I like to see a HDD after placing it in a space shuttle lunch pad.


----------



## compaqman (Aug 9, 2007)

take the top cover off and get the rare neodynium magnets out
 omg the are so powerful a


----------



## m0nk3ys1ms (Aug 9, 2007)

I would probally either:

*A.* Just throw it in a dumpster.
*B.* Hit it a couple times with a sledgehammer.
*C.* Back over it a few times.


----------



## ThatGuy16 (Aug 9, 2007)

touch the chip on the underside with a metal flashlight while its on


----------



## LaRoza (Aug 9, 2007)

brianmay27 said:


> just a joke since many hate vista and thinks it is distructive



I don't hate it, it is just bad software with a very large price tag. I use(d) it, and am well aquainted with Explorer crashing whenever, apps doing the wrong thing, and weird debugging errors (users should never get debugging messages unless it is beta, and they can actually do something).

For Windows people, stick with XP.

For others, use a Mac, or use a *nix.


----------



## K3rupt (Aug 10, 2007)

LaRoza. Get a good computer. Then Use Vista.

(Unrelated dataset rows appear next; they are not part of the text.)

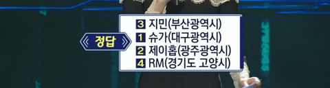 그리고 방탄소년단멤버들의 고향을 인구가 많은 순서대로 나열하기
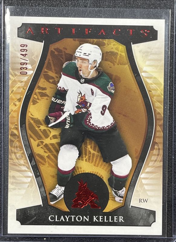 The Clayton Keller 2023 Upper Deck Artifacts #105 Ruby /499 card is 1 of 27 Clayton Keller's card variations in the 2023 Upper Deck Artifacts set being tracked by Sports Card Investor, including Base /999, Leather, Plexi, Turquoise, and Wood.
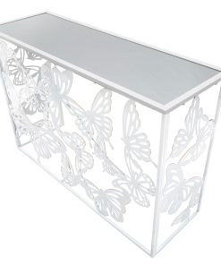 Consolle design realizzata in metallo, sintesi di eleganza e raffinatezza impareggiabile. Infatti, le vistose farfalle che decorano tutta la struttura esprimono una sensazione di leggerezza e delicatezza. La scelta del colore bianco e soprattutto il bellissimo piano con specchio, si rivelano la scelta ottimale per arredare con gusto ricercato il tuo ingresso, da abbinare con una poltrona, pouf , uno specchio o pannello decorativo per creare un angolo ricco di fascino.
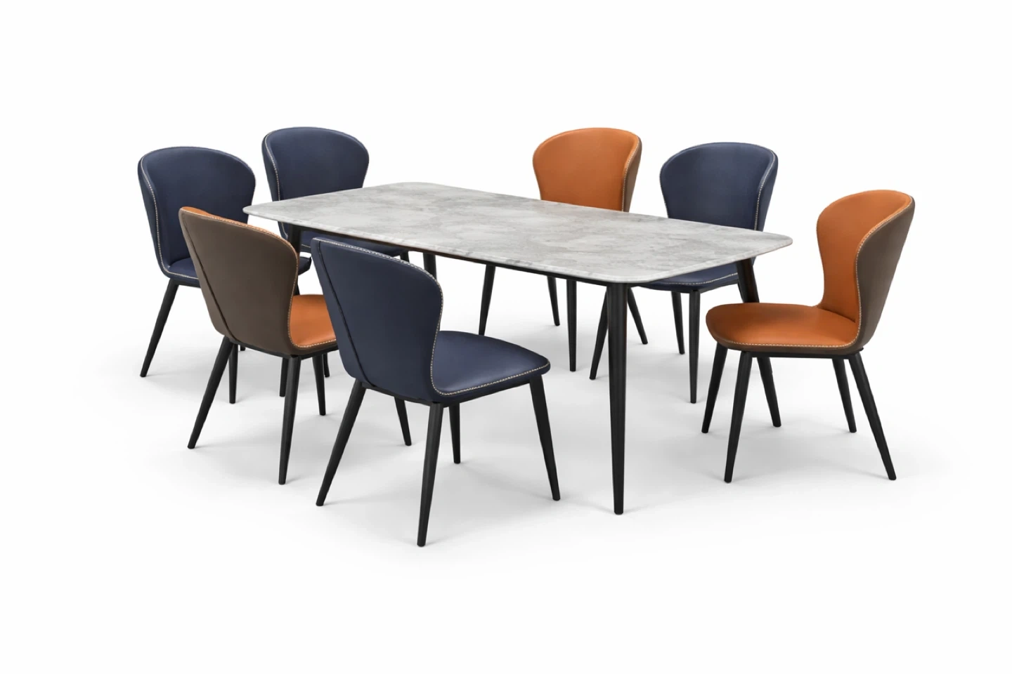 Modern dining table with a ceramic top and six upholstered chairs. Table features a durable ceramic surface and black metal legs. Chairs have a stylish design in navy blue and burnt orange with black legs.
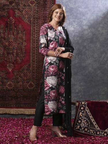 Anni Designer Women'S Rayon Blend Straight Printed Kurta With Pant & Dupatta (Poona Black-Vks01_3Xl_Black_Xxx-Large),Black,3XL,Rayon Blend,Regular,
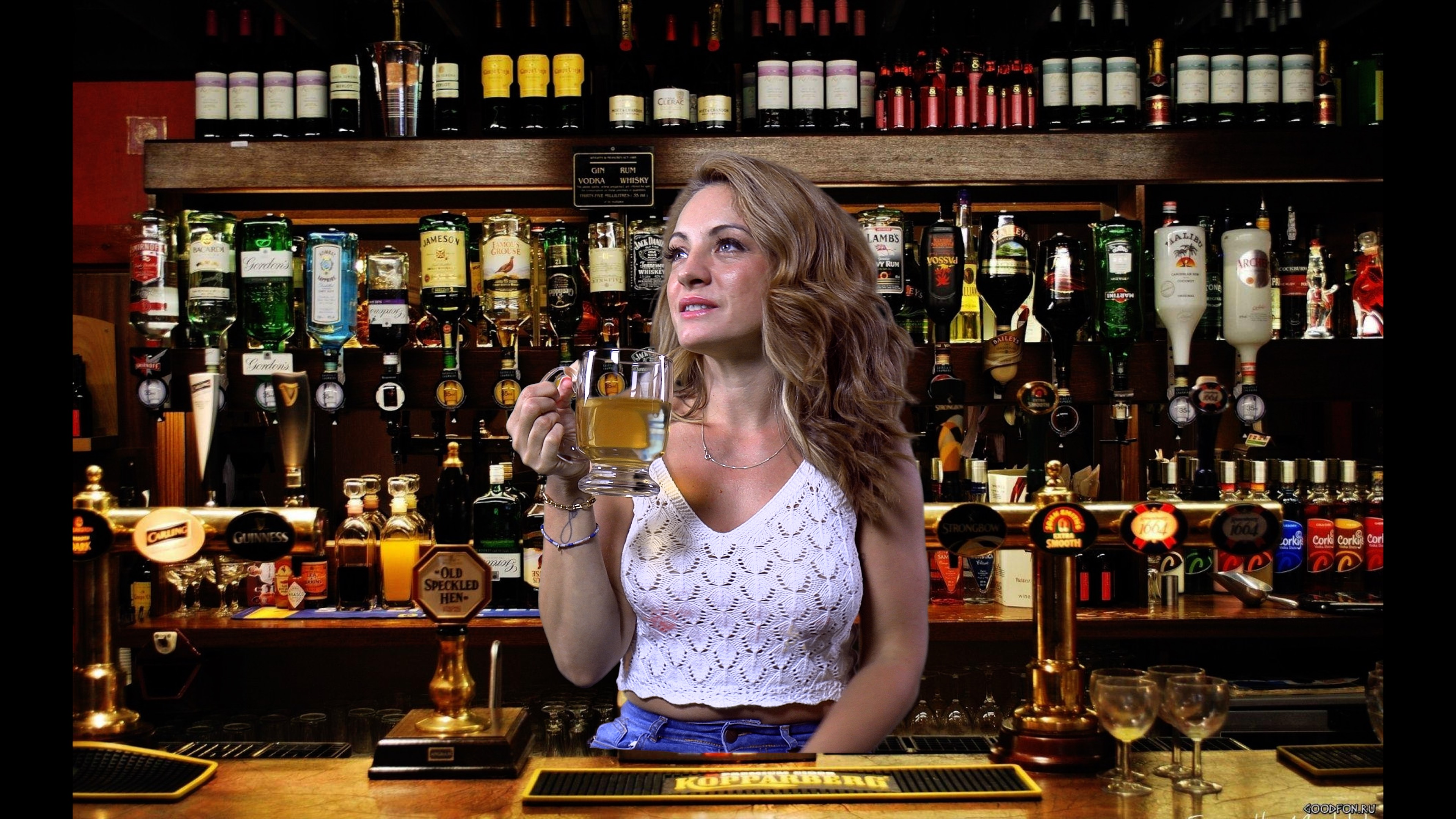 Wearing only panties, heels and a thin top, Beverly has been asked to do a little washing up, half an hour after tanking up with more liquid - water this time. She is also
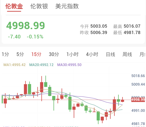 现货黄金价格当前交投于4998.99美元/盎司,日内微跌0.15%,在5000美元整数关口附近窄幅整理。

For the Hdd I would make it stare at LaRoza for a while 

That should k3rupt the data  haha

Man, send it into the http://www.willitblend.com/

They are NUTS.

haha, Or just give it too me  ill hide it  

in my computer . . .


----------



## Jonyboy (Aug 10, 2007)

Fly the HDD into the vacuume of space. That should rip it apart in a split second.


----------



## K3rupt (Aug 10, 2007)

Jonyboy said:


> Fly the HDD into the vacuume of space. That should rip it apart in a split second.



lol, Alright, just give it here, Ill chuck it from the ground alright bro?


----------



## Cleric7x9 (Aug 10, 2007)

Jonyboy said:


> Fly the HDD into the vacuume of space. That should rip it apart in a split second.



negative that wouldnt rip it apart at all. trust me, the measly one atmosphere of pressure on this planet is not what is holding that harddrive together.


----------



## oscaryu1 (Aug 10, 2007)

Drill


----------



## jutnm (Aug 10, 2007)

download & play Cher on it lmao


----------



## Jonyboy (Aug 11, 2007)

Cut the spindals up into pizza like pieces.


----------



## patrickv (Aug 11, 2007)

jutnm said:


> download & play Cher on it lmao



so i was reading this thread and this one caught my eye..lol
very funny, cher would totally destroy the hard drive..lol


----------



## thealmightyone (Aug 11, 2007)

I'd break the platters into smaller pieces, then drop them down the drain. As soon as I let go, they are lost forever.


----------



## Jonyboy (Aug 13, 2007)

Set it alight.


----------



## thealmightyone (Aug 14, 2007)

Jonyboy said:


> Set it alight.



When you get metal to burn or melt with just a lighter, call me.


----------



## PabloTeK (Aug 14, 2007)

My mate had a HDD failure so he chucked the thing in the firebox of this:

http://www.gcrailway.co.uk/pictures/640w/4141b.jpg

That's over 400C.


----------



## thealmightyone (Aug 14, 2007)

400C isn't even enough to destroy the platters, but might be enough to corrupt the date completely.

The best way to avoid authorities getting hold of your hard drive is, rather than attempt to destroy it (which is hard unless you work in a steel refinery - data can still be retrieved from broken platters), simply make it impossible to find. Chuck it in the sea, over a cliff, in an open delivery/freight truck, etc.


----------



## vonfeldt7 (Aug 16, 2007)

^ my dad owns a machine shop (where he has torches that are hot enough to melt steel) so im assumming the hard drive would be toast (literally?)

Anyways...I should start some business where people sell me their hdd(s) and I personally destroy them....

*edit* and then i sell the vid/pics of it for even more (its like a rollercoaster....pay x amount to get into the theme park....and then 10 dollars for a picture and 20 for a video!)


----------



## elitehacker (Aug 16, 2007)

Sounds like a very interesting job.  I think to totally destroy a hard drive you dismantle it and then shoot the platters.


----------



## Jonyboy (Aug 24, 2007)

just melt down the metal and then chuck it in the sea.


----------



## sendhelp (Aug 25, 2007)

I would smash the hd into pieces and then burn it


----------



## tlarkin (Aug 25, 2007)

Did no one read my post about thermite?  It melts lots of stuff, and is not hard to come by.

http://en.wikipedia.org/wiki/Thermite


----------



## brian (Aug 25, 2007)

ya but my parents wil not le me get it  (crying)


----------



## tlarkin (Aug 25, 2007)

brianmay27 said:


> ya but my parents wil not le me get it  (crying)



what thermite?  It is very dangerous, I mean it is the base for napalm and incendiary grenades.


----------